Version-Release number of selected component (if applicable):

I could verify this issue on v3.9 but it can be problematic in v3.10 and v3.11 either.

openshift v3.9.43
kubernetes v1.9.1+a0ce1bc657

rpm -q openshift-ansible
openshift-ansible-3.9.41-1.git.0.4c55974.el7.noarch

rpm -q ansible
ansible-2.4.6.0-1.el7ae.noarch

ansible --version
ansible 2.4.6.0
  config file = /etc/ansible/ansible.cfg
  configured module search path = [u'/root/.ansible/plugins/modules', u'/usr/share/ansible/plugins/modules']
  ansible python module location = /usr/lib/python2.7/site-packages/ansible
  executable location = /usr/bin/ansible
  python version = 2.7.5 (default, May 31 2018, 09:41:32) [GCC 4.8.5 20150623 (Red Hat 4.8.5-28)]


How reproducible:

If you install OCP on OpenStack, then you can use metadata service using 'curl' and the output is as follows.

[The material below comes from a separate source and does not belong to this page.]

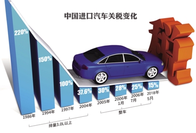 今年4月,中国宣布,将在5年内全面放开汽车行业外资股比限制;5月22日,中国对汽车进口关税税率进行了第十次下调,并最终锁定在15%的税率上。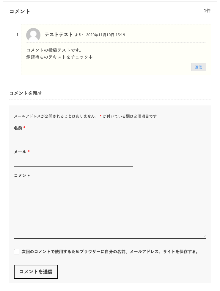 コメント機能は、ブログの投稿にコメントを投稿できる機能です。

# curl http://169.254.169.254/latest/meta-data/local-ipv4
10.0.1.1,10.0.2.2

And then you can reproduce by running prerequisites.yml


Steps to Reproduce:
1.
2.
3.

Actual results:

wrong value would set up as hostname, so it was failed during prerequisites.yml.

Expected results:

the DNS query would resolve as correct hostname.

Additional info:

Root cause is here in openshift_facts.py.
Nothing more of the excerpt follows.